- Born: 1819-09-02 Milan
- Died: 1899-11-16 Milan
- Occupations: Writer, historian, lawyer, politician

= Pier-Ambrogio Curti =

Italian writer and politician (1819–1899)

Pier Ambrogio Curti (1819–1899) was an Italian writer, historian, lawyer, and politician.

== Biography ==

Pier Ambrogio Curti was born in Milan on 2 August 1819. His ancient Lombard family is traced back to the 10th century. After completing his humanistic studies, Pier Ambrogio Curti entered the seminary in Lecco for theological studies, but soon realised that he was more interested in the humanities. He thus abandoned his ecclesiastical career and moved to Pavia to study law.

In Pavia, he wrote the Racconti storici danteschi, which he later published in Milan under the title Storie italiane del XII secolo narrate con la scorta della Divina Commedia. Also during this period, he wrote La figlia dell'armajuolo, a Milanese history of the 16th century. He started to collaborate with some literary magazines, already beginning to show a certain impatience with Austrian domination. Somewhere around 1841 he became friends with the actress Adelaide Ristori, to whom he dedicated a lively and affectionate biography in 1855.

After graduating in 1844, he began practicing law at the Criminal Court and then at the Civil Court. During that time, he wrote the volume Tradizioni e leggende di Lombardia (Traditions and Legends of Lombardy). Having completed his forensic practice, he became a lawyer.

On 20 March 1848, he became a member of the Public Security Committee under chairman Angelo Fava. Curti, trying to penetrate the Palace of Criminal Justice from which the Austrian military garrison had been driven out with the intention of disposing of the files of political trials against Italians, reached it in time to prevent all the prisoners from escaping. In April 1848, Curti left the committee and retained the office of Councillor of Grace for the revision of criminal trials.

With the subsequent victory of the Austrians, Pier Ambrogio Curti was forced to take refuge in Switzerland with his wife Matilde Ferrabini; but forced shortly afterwards to return to Milan, he suffered the first revenge of the Austrians: Marshal Radetzky had removed his name from the list of lawyers.
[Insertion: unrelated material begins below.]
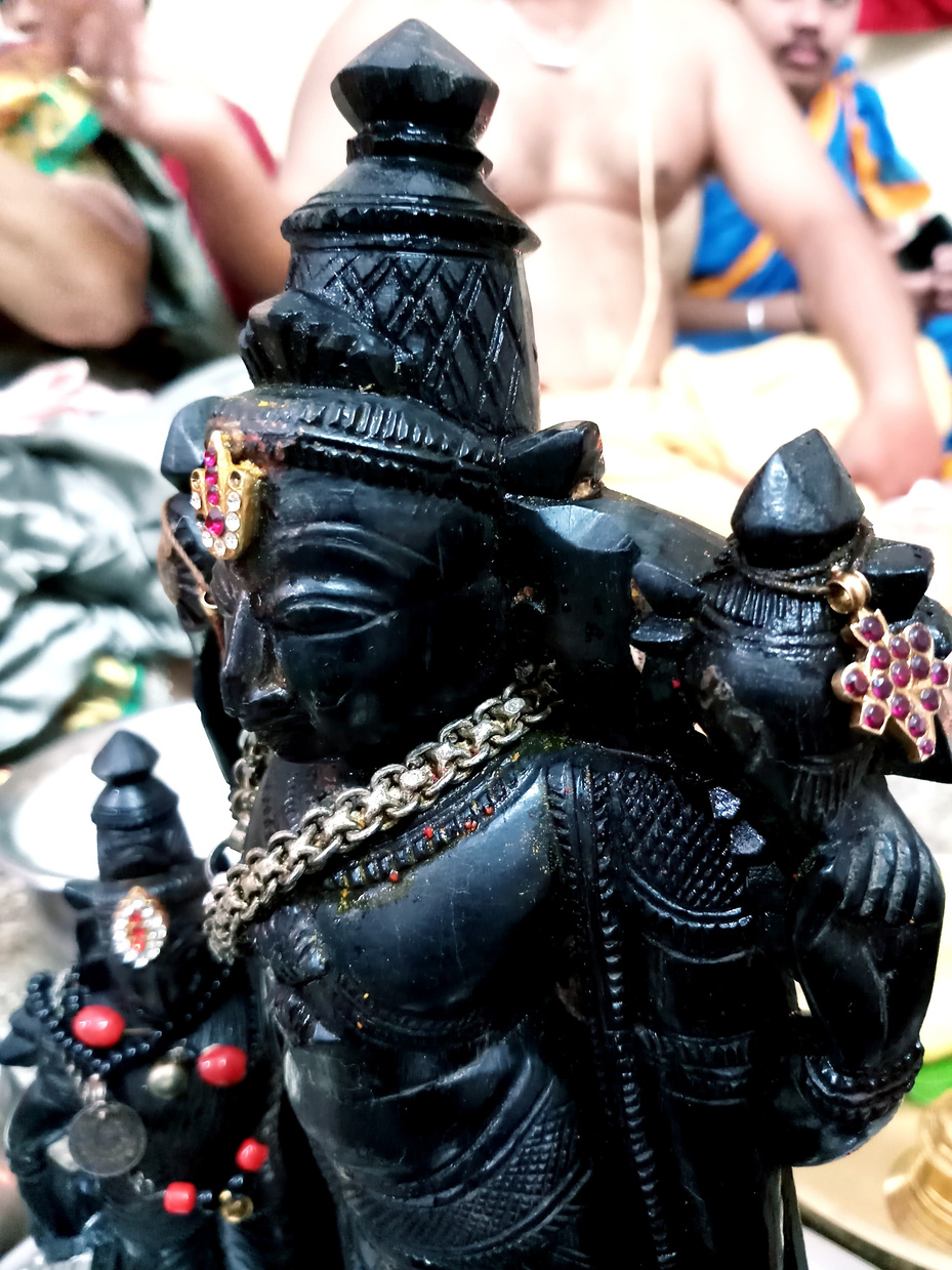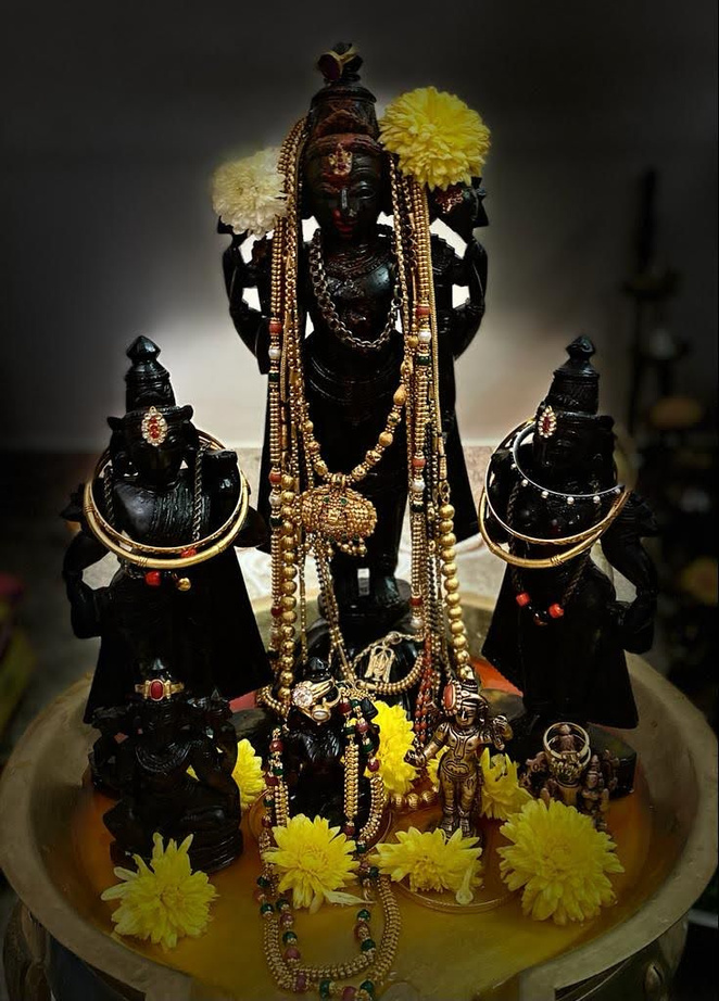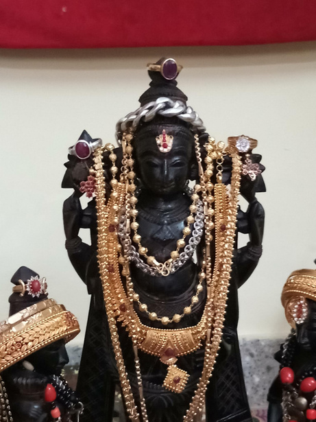 ಈ ವೆಂಕಟರಮಣ ವಿಗ್ರಹ ಎಡಬದಿ ಮಹಾಲಕ್ಷ್ಮಿ ಬಲಭಾಗದಲ್ಲಿ ಪದ್ಮಾವತಿ ವಿಗ್ರಹಗಳನ್ನು ಹೊಂದಿದೆ. ಮುಂದೆ ಆಂಜನೇಯ, ಗಣೇಶ, ಲಕ್ಷ್ಮಿ, ರಾಮ, ಮುಂತಾದ ದೇವರುಗಳ ವಿಗ್ರಹಗಳು ಮಣೆಯಲ್ಲಿ ಎಲ್ಲಾ ದೇವರುಗಳನ್ನು ಅವರವರ ಸ್ಥಳಗಳಲ್ಲಿ ಕೂರಿಸುವಂತೆ ವಿನ್ಯಾಸ ಮಾಡಿರುವುದು ಸಹ ಒಂದು ವಿಶೇಷ. ಬೇರೆ ಸ್ಥಳದಲ್ಲಿ ಕುಳ್ಳಿರಿಸಿದರೆ ಅದು ಕುಳಿತುಕೊಳ್ಳುವುದಿಲ್ಲ. ಇಂತಹ ಅದ್ಭುತವಾದ ದೇವರುಗಳನ್ನು ವೆಲ್ವೆಟ್ ಬಟ್ಟೆಯಲ್ಲಿ ಸುತ್ತಿ ದೊಡ್ಡ ಬೆಳ್ಳಿ ತಟ್ಟೆಯಲ್ಲಿಟ್ಟು ಶ್ರೀಯುತ ಬಾಲಗಾರ್ ಶ್ಯಾಮರಾವ್ರವರಿಗೆ ಕೊಟ್ಟು, ಸ್ವಾಮಿ ನೀವೆಂಥಾ ದೈವ ಭಕ್ತರು ಯಾರಿಗೋ ತಲುಪಬೇಕಾದ ಈ ವೆಂಕಟರಮಣ ನಿಮಗೆ ತಲುಪಿದೆ. ನಿಮ್ಮ ಮೇಲೆ, ನಿಮ್ಮ ಕುಟುಂಬದವರ ಮೇಲೆ ಸಂಪೂರ್ಣ ವೆಂಕಟರಮಣನ ದಯೆ, ಅನುಗ್ರಹವಿದೆ ಎಂದು ಹೇಳಿ ವಿಗ್ರಹಗಳನ್ನು ಕೊಟ್ಟರು. ಇಬ್ಬರ ಕಣ್ಣುಗಳಲ್ಲಿಯೂ ಆನಂದ ಬಾಷ್ಪ ಉಕ್ಕಿ ಹರಿಯುತ್ತಿತ್ತು. ಮೈಯಲ್ಲಿ ರೋಮಾಂಚನವಾಯಿತು.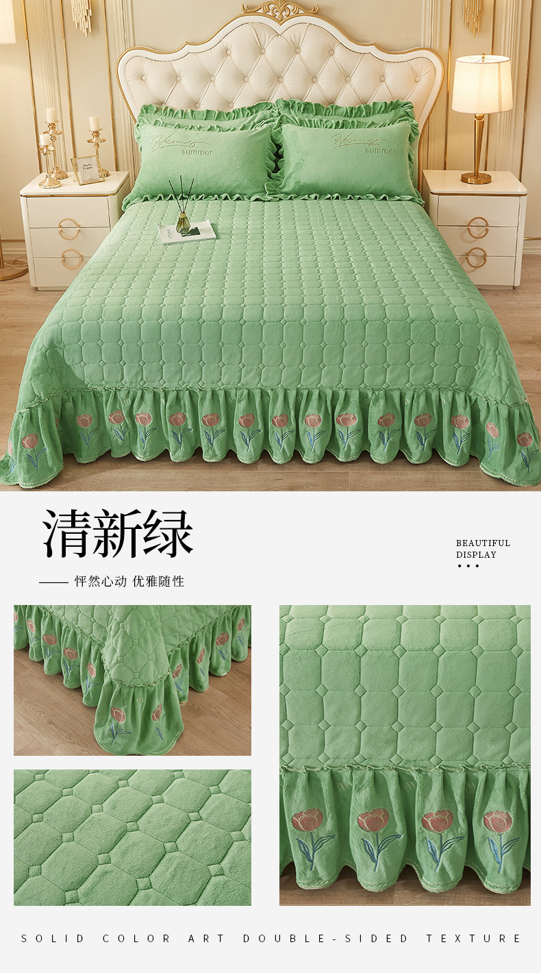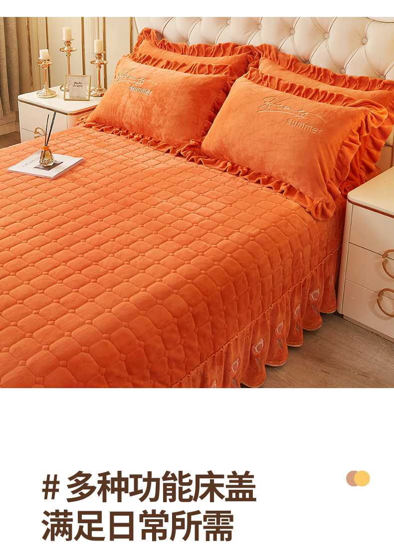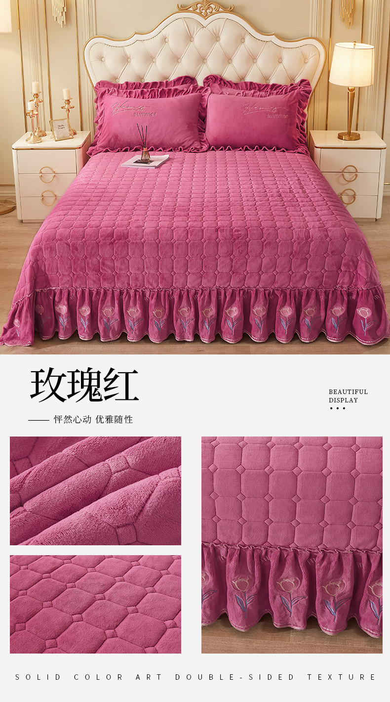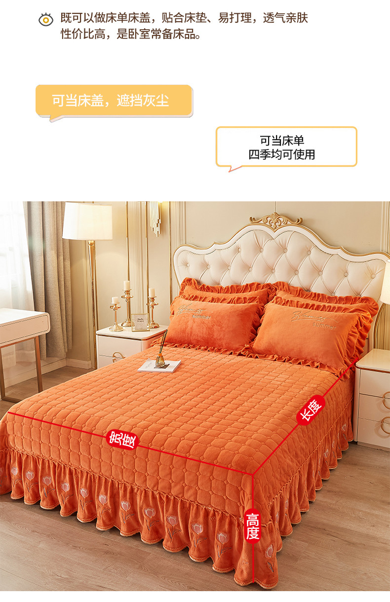 (总)恒爱 2022秋冬水晶绒翩翩花舞夹棉单床裙,大红色,豆沙红,橄榄绿,公主粉,桔色,咖啡色,孔雀绿,拉菲红,罗兰紫,玫红色,美人玉,米白色,米驼色,抹茶绿,浅灰色,紫色

He was, however, readmitted to the practice of law through the intercession of his father, a creditor of Count Pachta, Radetzky's right-hand man and general intendant of the Austro-Hungarian army. However, in 1855 Curti was again suspended from the bar, having been subjected to a political trial for 'disturbing the public tranquility against the political nexus of the state', because of an article in which he criticised the finale of the third act of Meyerbeer's opera The Prophet, calling it 'the thievest thing', since that finale recalled the first bars of the Austrian national anthem.

In the summer of 1858, Curti published La Madama di Celan which caused him much trouble with the Austrian police due to its political allusions. The novel was republished in a second, revised edition in 1875. It was during this period that his friendship with Ippolito Nievo flourished, who wrote to Curti in November 1858, asking for his help in finding a publisher willing to publish Le confessioni d'un italiano (Confessions of an Italian).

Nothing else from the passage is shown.